▶ **What the exercise asks**
Each line from the one containing "TRAMPOLINA 374cm +" to the end of the material below is to be restated exactly, with pictures skipped.

▶ **Stored data**
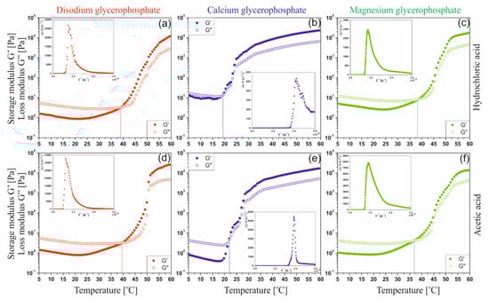 Experimental curves of changes in the values of the storage G′ and loss G″ moduli obtained during non-isothermal measurements for chloride (a–c) and acetate (d–f) chitosan solutions containing sodium glycerophosphate, calcium glycerophosphate, and magnesium glycerophosphate.
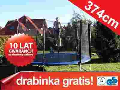 TRAMPOLINA 374cm + SIATKA +DRABINKA WYPRZEDAŻ
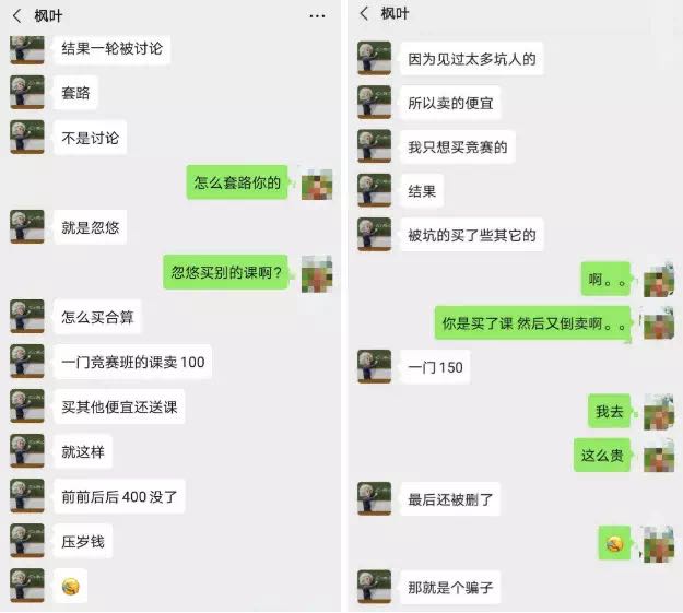 近日,燃财经以买家的身份,在百度贴吧上添加了一位卖家的微信,对方自称是一名初中生。“我本想在贴吧上购买初中数学竞赛资料,结果被盗版商各种套路,一门课程卖100元,买其他便宜的课程还送课,前前后后搭进去400多块压岁钱,结果课程驴唇不对马嘴。”这位卖家说。

▶ **Solution to this task**
 TRAMPOLINA 374cm + SIATKA +DRABINKA WYPRZEDAŻ
 近日,燃财经以买家的身份,在百度贴吧上添加了一位卖家的微信,对方自称是一名初中生。“我本想在贴吧上购买初中数学竞赛资料,结果被盗版商各种套路,一门课程卖100元,买其他便宜的课程还送课,前前后后搭进去400多块压岁钱,结果课程驴唇不对马嘴。”这位卖家说。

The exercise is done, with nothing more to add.